Quatre points forts à souligner:

- la définition et l'affectation des compétences, dans un business model, ne dépendent pas principalement de variables technologiques, voire commerciales, considérées "en soi". C'est à partir d'une vraie réflexion, mettant en relation les composantes essentielles de la proposition de valeur, donc les compétences à mobiliser pour les produire et les assurer dans la durée ("promesse à tenir"),

- la stabilisation et le développement des sources de revenu ("quelle politique de fidélisation? Quels services de promotion et d'accompagnement de la proposition de valeur?….")

- le phasage du développement du modèle (exemple : à telle période, les compétences marketing sont essentielles, à telle autre les compétences de bonne exploitation du service offert redeviennent importantes…). Il faut préciser quelles sont les compétences décisives à chaque phase (selon le principe d'une gestion par projet).

- Enfin la chaîne de macro-activités sur lesquelles, concrètement, les compétences se déploient, et à partir desquelles la proposition de valeur se concrétise matériellement.
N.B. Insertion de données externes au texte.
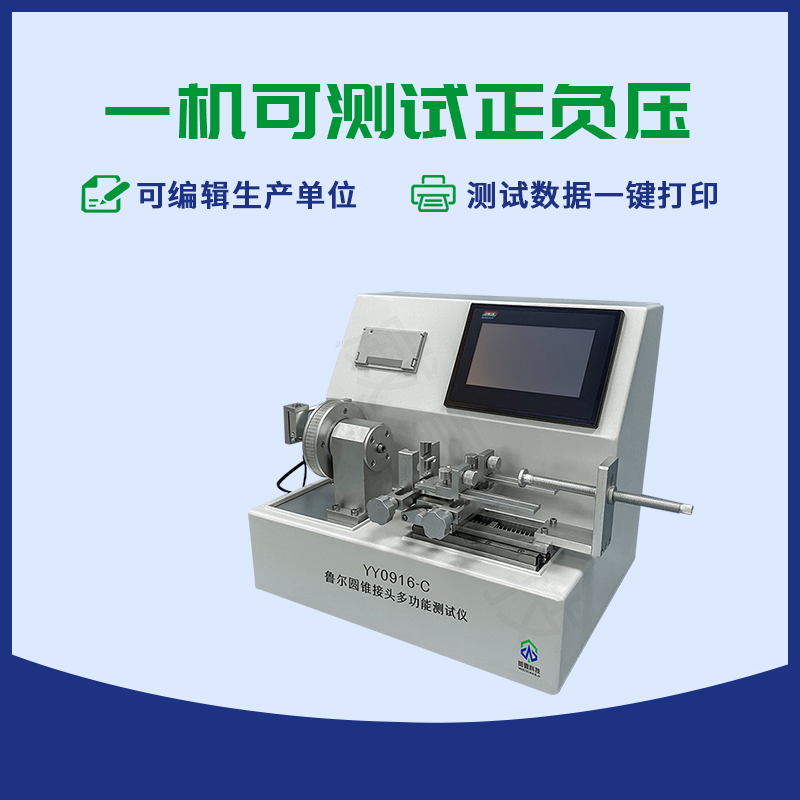 YY0916-C魯爾圓錐接頭綜合測試儀主要用于測定魯爾接頭漏液、漏氣、分離力、旋開扭矩、易裝配性、抗滑絲性、抗過載性、應(yīng)力開裂、壓力衰減泄漏、正壓液體泄漏、負(fù)壓空氣泄漏等各項(xiàng)性能。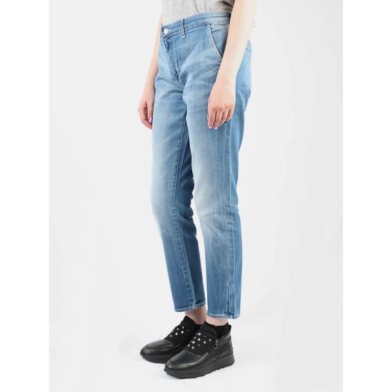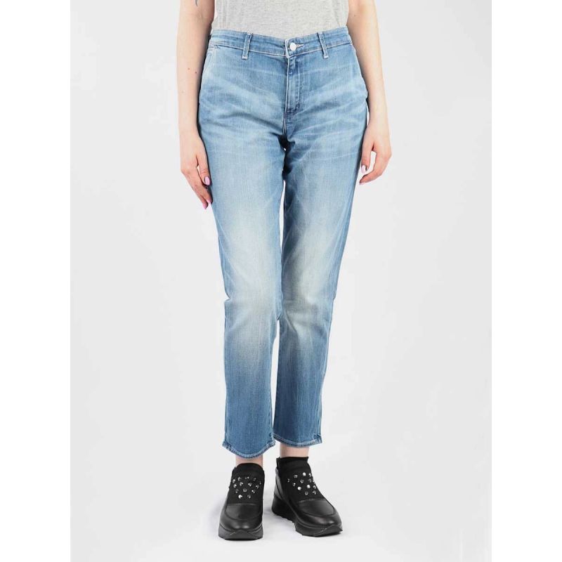 Women's high-waisted jeans with tapered legs. Zipper and button closure.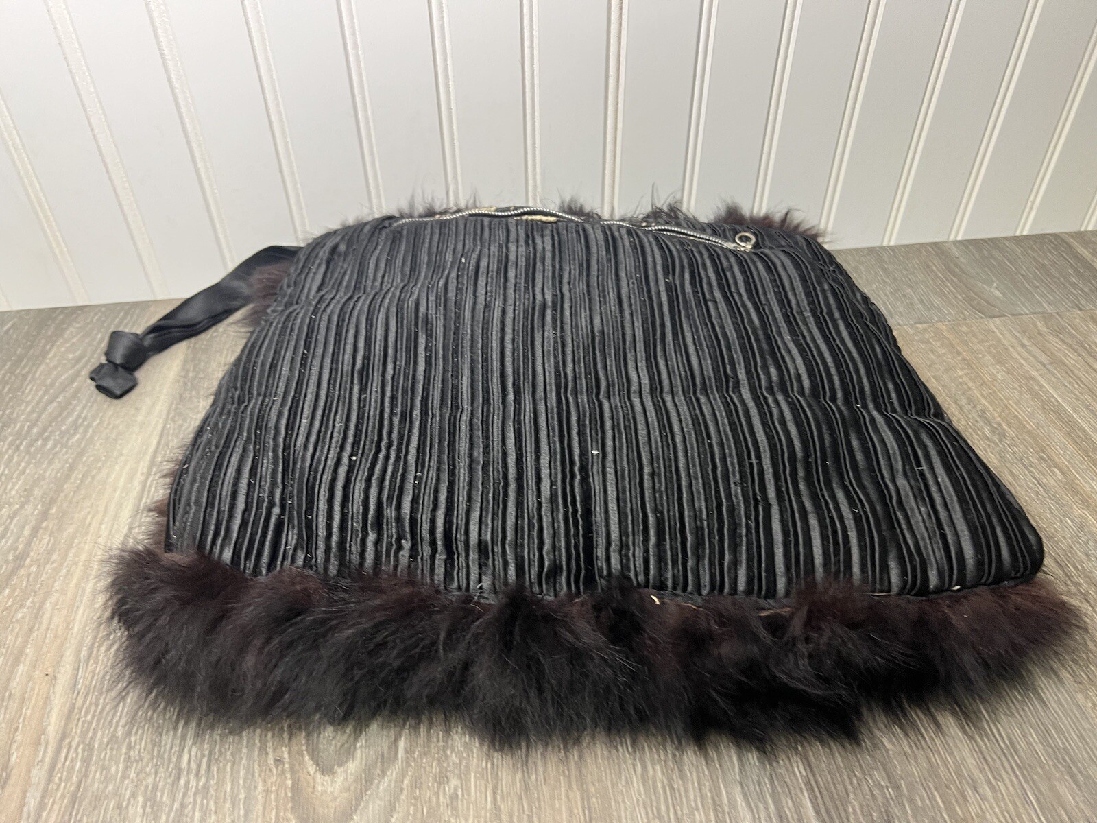 Vintage Large Fox Minx Fur Muff Hand Warmer Inner Zipper Purse Wrist Strap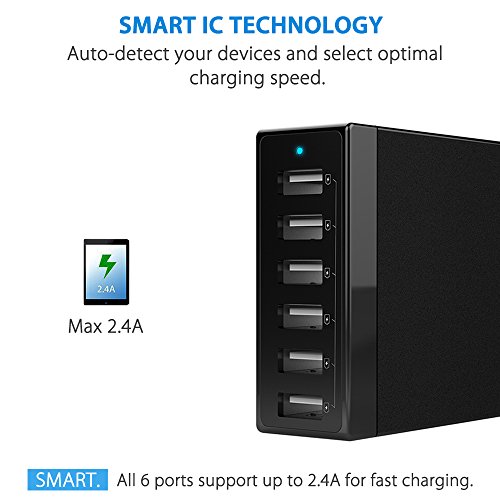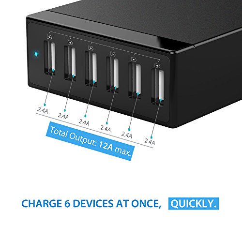 - Feature : 6 x 2.4A output (max 12A overall) lets you charge 6 devices simultaneously with full speed, no need to check which port is 2.4A anymore. / Built-in smart IC can automatically detect and select the fastest possible charging speed for your devices. / Built-in LED indicator shows whether the charger is properly connected. / Multiple safety system to keep your devices safe: overload, over-current, over-heating and short-circuit protection. / What You Get: 60W USB charger, 5ft UL Listed power cord, user manual, TOMMOX 20-month warranty.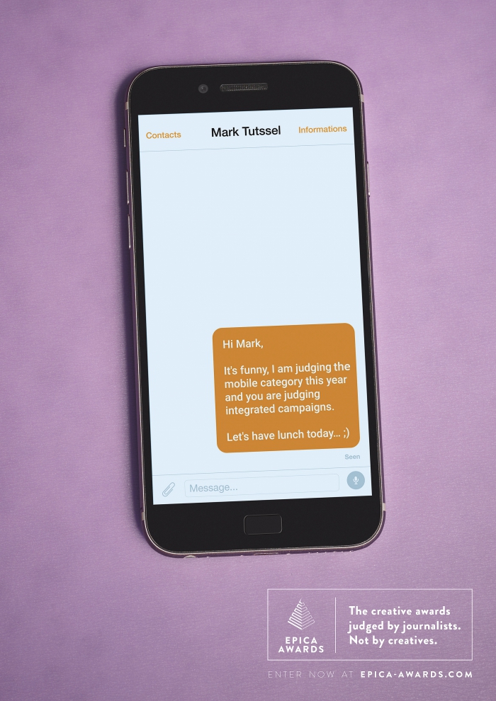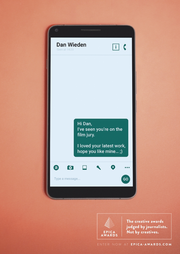Когда ты выступаешь в роли жюри, ты всегда получаешь множество "дружеских" сообщений, в которых люди пытаются узнать о том, как проходит процесс оценки и как поменять её в свою сторону. На основании этого мы сделали инсайт для продвижения Epica, одной из немногих наград, поддерживаемой большинством агентств из-за своей беспристрастности.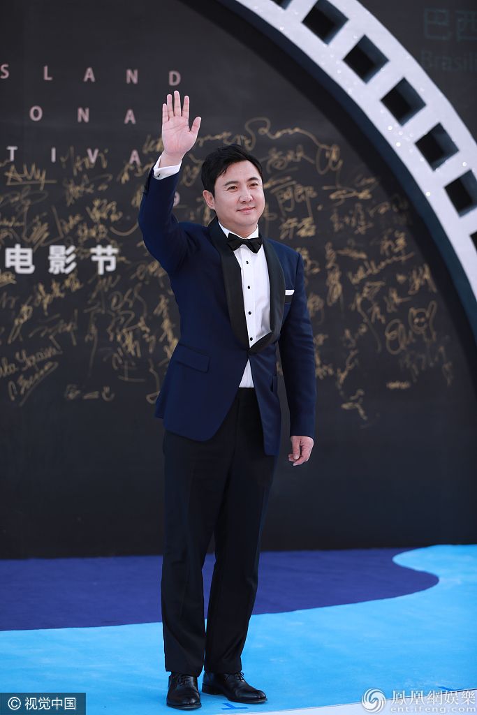 吴京一身正装帅气现身,满面微笑似年画娃娃。 图片来源:骆云飞(海南分社)/中新社/视觉中国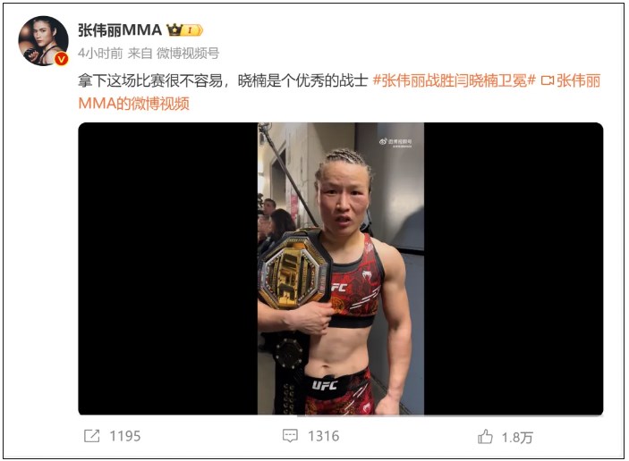 UFC(终极格斗冠军赛)在UFC冠军战历史上首次上演的“中国德比”中,张伟丽与闫晓楠联手奉献了一场极为精彩的比赛。两人打满五个回合,最终张伟丽经一致判定战胜闫晓楠,卫冕女子草量级金腰带。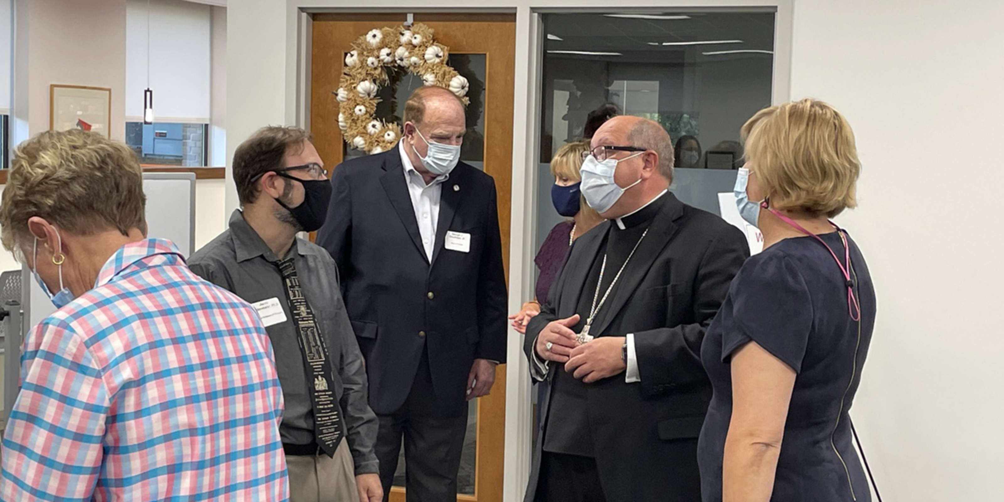 During a recent visit to the college, Bishop Edward Malesic met Sister Christine De Vinne, OSU, college president; Paula Fitzgerald, campus minister; administrators, deans, board members and a group of students. He also had the opportunity to view the college’s original charter, which the college archivist cares for in the library.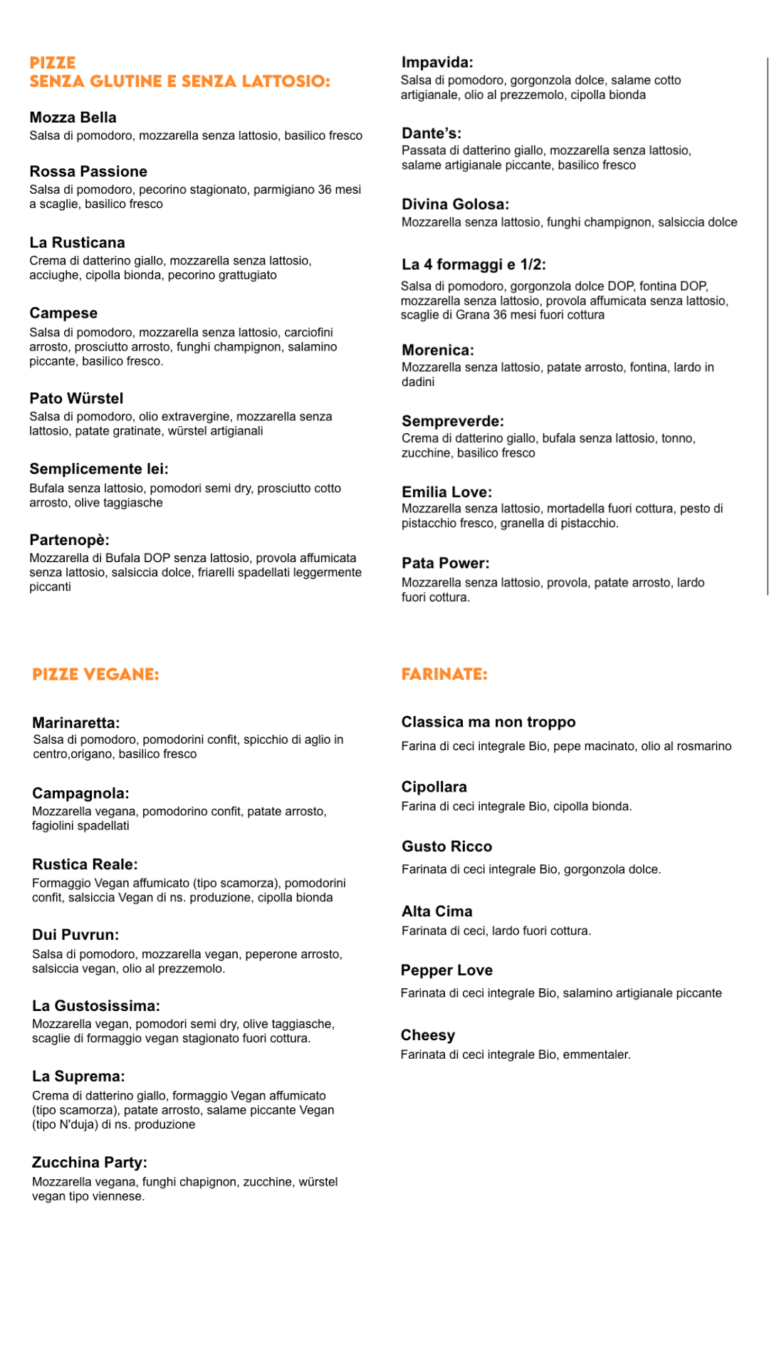Salsa di pomodoro, olio extravergine, mozzarella senza lattosio, patate gratinate, würstel artigianali

e) La question du phasage.

Point sensible : comme le business model ne peut pas s'appuyer sur un modèle totalement établi et fiable, on ne peut raisonner de manière linéaire et planifiée. Il faut "jeter des hypothèse sur l'avenir" (démarche dite abductive en logique), mais, en contrepartie, établir un phasage selon un principe expérimental (assez semblable au phasage d'une expérimentation scientifique) pour pouvoir tester la robustesse du modèle et limiter, du plus possible, les engagements de capitaux à chaque phase. L'explicitation des phases et des moyens de leur bilan fait partie du modèle. f) Le business plan. La démarche de business plan reste valable : elle explicite les moyens opérationnels et les critères de résultats. Mais le business plan se situe clairement en aval du business model. Le mettre au premier plan devient une erreur stratégique.